(Input data):
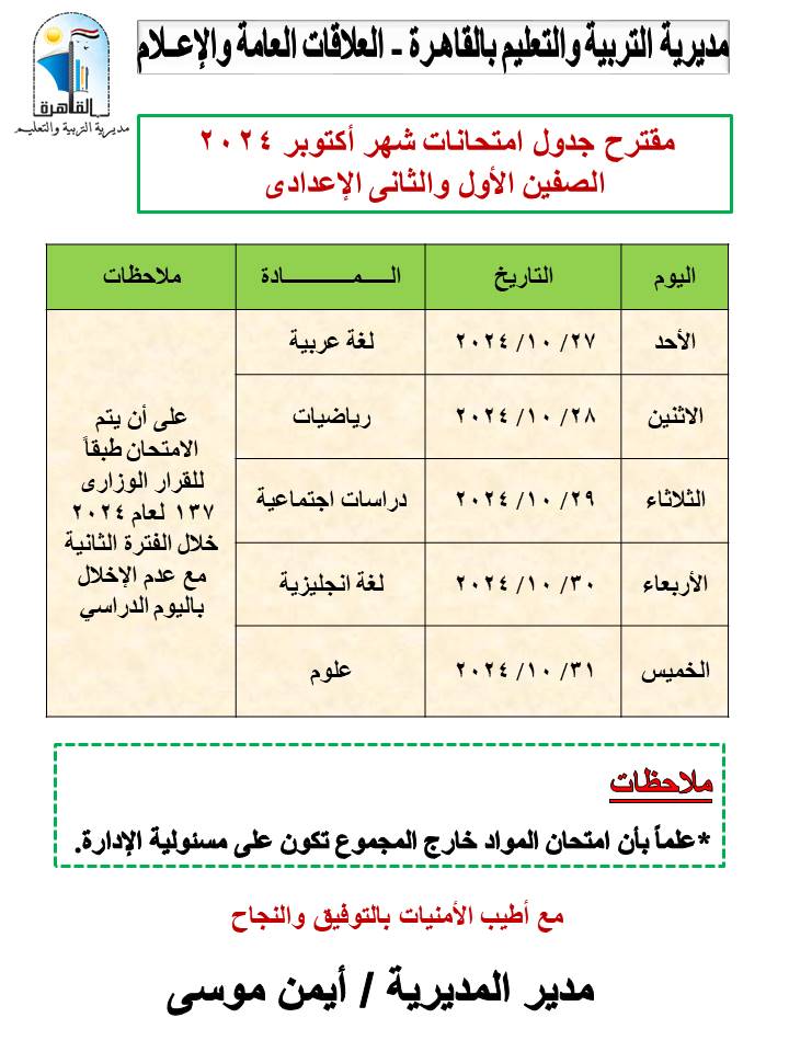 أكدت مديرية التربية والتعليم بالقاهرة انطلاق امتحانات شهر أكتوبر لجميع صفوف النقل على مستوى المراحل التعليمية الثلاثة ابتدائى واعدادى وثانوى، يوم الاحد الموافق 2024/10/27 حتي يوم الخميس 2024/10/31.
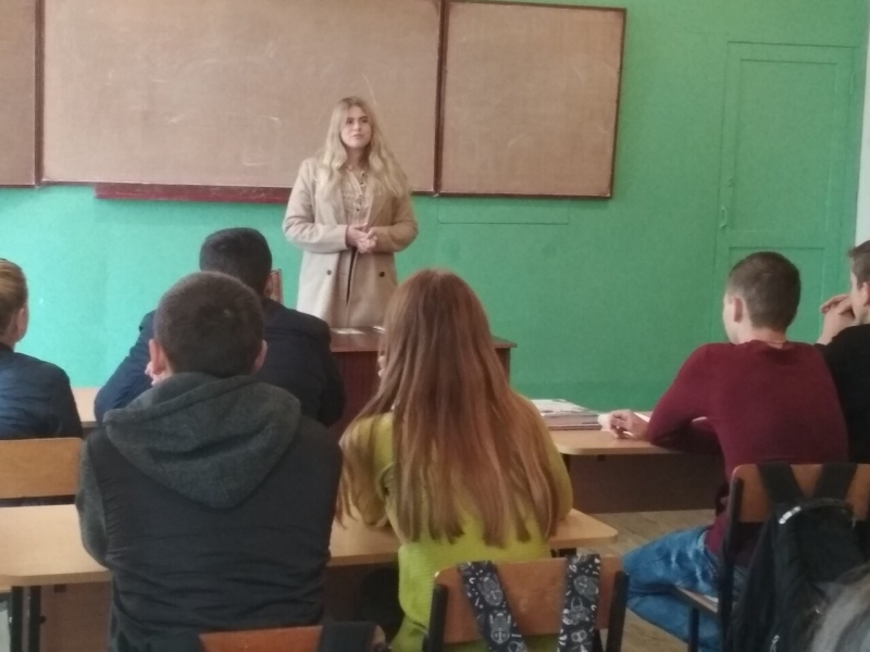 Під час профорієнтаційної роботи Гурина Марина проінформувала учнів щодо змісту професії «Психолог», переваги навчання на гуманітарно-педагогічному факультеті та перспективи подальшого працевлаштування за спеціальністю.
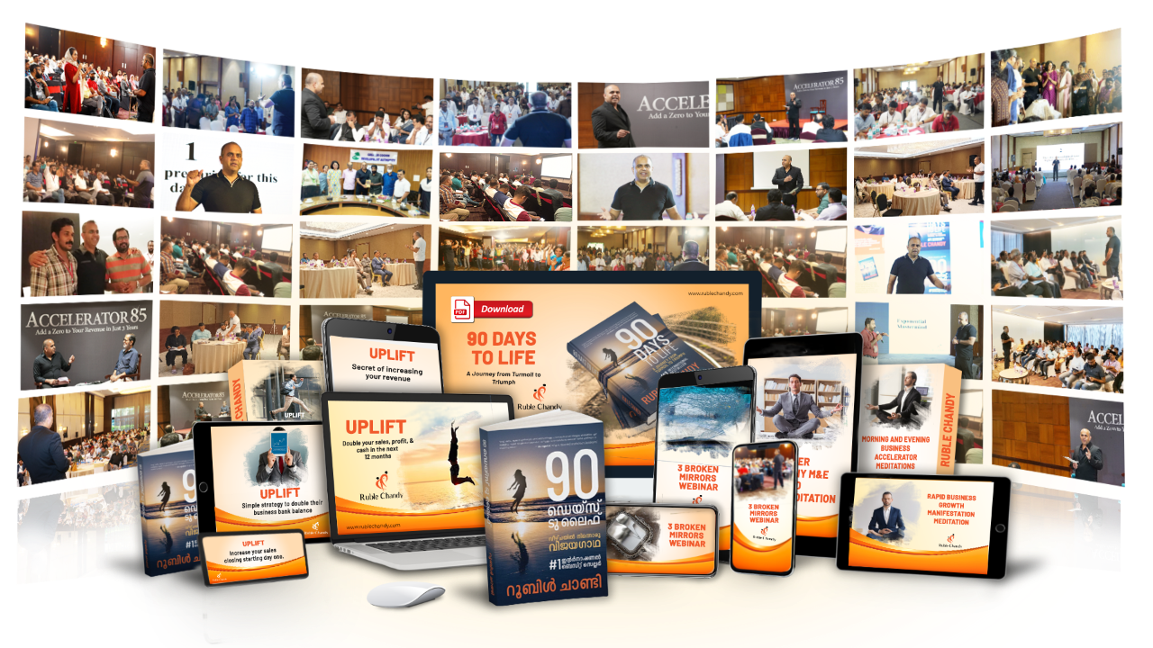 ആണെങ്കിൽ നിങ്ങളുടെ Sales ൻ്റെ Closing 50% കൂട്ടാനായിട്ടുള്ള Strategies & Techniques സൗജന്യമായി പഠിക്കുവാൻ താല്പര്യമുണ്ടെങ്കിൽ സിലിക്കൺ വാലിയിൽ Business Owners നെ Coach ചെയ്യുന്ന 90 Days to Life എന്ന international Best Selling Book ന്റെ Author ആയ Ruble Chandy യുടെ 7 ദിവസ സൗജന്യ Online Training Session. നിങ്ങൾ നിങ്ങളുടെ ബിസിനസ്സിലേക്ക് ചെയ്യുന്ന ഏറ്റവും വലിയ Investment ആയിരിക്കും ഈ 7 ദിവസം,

(Task item): Restate word for word only the lines that run from the line holding "Під час профорієнтаційної" to the end of the data, both ends kept, leaving every picture out.

(Expected output):
 Під час профорієнтаційної роботи Гурина Марина проінформувала учнів щодо змісту професії «Психолог», переваги навчання на гуманітарно-педагогічному факультеті та перспективи подальшого працевлаштування за спеціальністю.
 ആണെങ്കിൽ നിങ്ങളുടെ Sales ൻ്റെ Closing 50% കൂട്ടാനായിട്ടുള്ള Strategies & Techniques സൗജന്യമായി പഠിക്കുവാൻ താല്പര്യമുണ്ടെങ്കിൽ സിലിക്കൺ വാലിയിൽ Business Owners നെ Coach ചെയ്യുന്ന 90 Days to Life എന്ന international Best Selling Book ന്റെ Author ആയ Ruble Chandy യുടെ 7 ദിവസ സൗജന്യ Online Training Session. നിങ്ങൾ നിങ്ങളുടെ ബിസിനസ്സിലേക്ക് ചെയ്യുന്ന ഏറ്റവും വലിയ Investment ആയിരിക്കും ഈ 7 ദിവസം,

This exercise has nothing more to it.